On this letter, the Guru saw the number "3", and knew instantly that he had not received the other two letters. The messenger related the story to him, and the Guru grew very angry. He called for Prithia and asked him three times if he knew anything about the other letters. Prithia denied it everytime. The all knowing Guru knew his thoughts, and told the messenger to go get the coat in Prithia's house. When he returned with it, the two missing letters were in the pocket. 

At once, the Guru sent Bhai Buddha to Lahore with a carriage to bring ArjanMal home as soon as possible. When Arjan was finally united with his father, he placed his head on Guru Sahib Ji's chest against his long beard.

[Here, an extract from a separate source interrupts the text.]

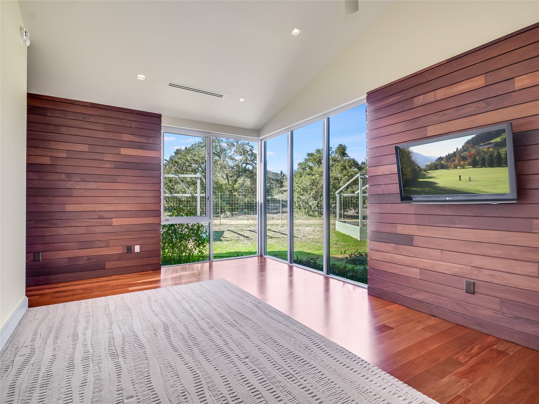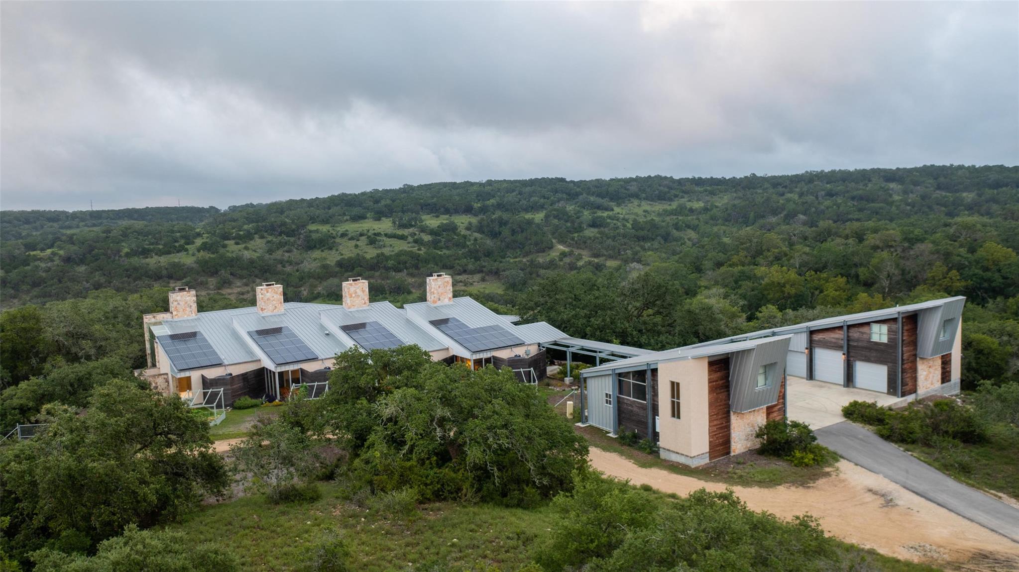 A once-in-a-lifetime opportunity awaits at Backbone Ridge Ranch, one of Wimberley's most iconic properties. This extraordinary nearly 50-acre estate harmoniously integrates luxury with nature, perched majestically atop a bluff overlooking the Texas Hill Country. The custom-built residence showcases a spectacular blend of limestone sourced directly from the estate's grounds, Ipe wood, and steel architecture that seamlessly embraces the landscape. Dramatic vistas, golden meadows, seasonal waterways, and breathtaking ridge lines create a private hillside paradise. The sustainable design incorporates 84 solar panels, 24,000-gallon rainwater storage, and tankless water systems aligned with LEED principles. Two separate three-car garages feature private apartments above, ideal for multi-generational living. Move-in ready and low maintenance, this versatile property delivers the complete package for discerning buyers seeking unparalleled scenic views, abundant wildlife, and nature on a grand scale.
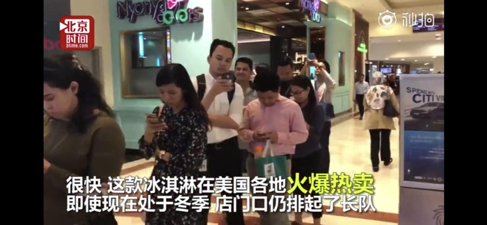 据报道,前不久为了庆祝中国春节,也为了勾起亚裔美国人的童年回忆,美国洛杉矶一家名为Wanderlust creamery的知名冰淇淋商,推出了大白兔奶糖口味的冰淇淋,并迅速成为“网红”,虽然正值冬季,但是店门口依然排起了长队。

He remained that way for many moments, while the Guru held him gently in his arms. The Guru then said that as he had written three stanzas, he should write a fourth to finish the poem. Arjan wrote the last verse saying, 
*"It is my good fortune to have met the True Guru, and I have found the Immortal God in my own home. My greatest desire is to never be separated from him again, not even for an instant. I am ever a sacrifice to the True Guru." *

Upon hearing this, the Guru was very pleased. He said, "The Guruship is passed on because of merit. As only the one who is most humble can claim it, I grant it to you." Guru Ji then sent for a coconut and five paisey and placed them before Arjan. He descended from his throne and seated Arjan upon it in front of the whole sangat. Bhai Buddha pressed the tilak on Arjan's forehead as a symbol that the light of Guru Ram Das Ji had now passed to Arjan, who then became Guru Arjun Dev Ji the fifth Guru of the Sikhs. 


_*SHABAD HAZARE*_
The Bani (Scripture) of Fifth Guru Arjan Dev, in the Raag (Musical measure) called Maajh, Chau-Padas (Four lines per Hymn), First House of Raag. 
_*My mind longs for the Blessed Vision of the Guru's Darshan.*_
_*It is anxious like the rain-bird*_
_*(Weaver-bird, Papiha: Papeehaa, Beehaa, or Bambeehaa It keeps eager to have a drop of rain at a special auspicious moment).*_
_*I am thirsty and have no peace without meeting the revered Saint (my Guru).*_*1 *
*I am a sacrifice (Love-lost, eager) for meeting the Saint (Guru). 1Pause* 
_*Your face (Meeting you) is so impressive, and your speech is peace and joy giving.*_
_*It is so long since this rainbird has had even a glimpse of water.*_
_*Blessed is that land where You dwell, O my Friend and Intimate Divine Guru*_ . *2*

*I am a sacrifice - an appreciation, to my friend and companion lord (Guru)1 Pause *
_*When I could not see you even for a short while, it was a dark-age, a hard time, for me.*_
_*When shall I meet you now, beloved Lord !*_
_*My night does not pass, and sleep comes not, without being in the presence of the Guru: Prophet.*_ *3 *

*I am a sacrifice, sacrifice I am, to this true court of the revered Guru. 1Pause *

_*It is my good destiny, that I have met the Saint Guru.*_
_*I have found the Immortal Lord within the home of my own self.*_
_*I will serve You forever, and shall never be separated from You even for an instant. Servant Nanak is Your slave, O beloved Master*. _*4 *

I am, a sacrifice - an appreciation I am, Nanak is yours and in your service. Pause18

Full version of Shabad Hazare: http://www.gurbanifiles.org/translations/Nitnem%20by%20Dr.%20Kulwant%20Singh,%20with%20Punjabi%20&%20Eng%20transla%20&%20PT.pdf(pg 221 onwards)
(Source : TuhiTu - Sikh Sakhis)


----------



## Astroboy (Mar 29, 2008)

*Re: Shabad Related to Sakhi*

*Bhai Mardana ji and charity *


For forty-seven years Bhai Mardana ji went wherever Guru Nanak went. Whether it was bitter cold of the hills or the heat of the deserts he did not leave him. Fear of wild animals or hunger and thirst in the wilderness or even the love of home did not change his mind from the five vices- lust, anger, greed, attachment and pride. He replaced them with the five virtues - truth, contentment, patience, compassion and faith. He was given the honor to be saint and a brother to all.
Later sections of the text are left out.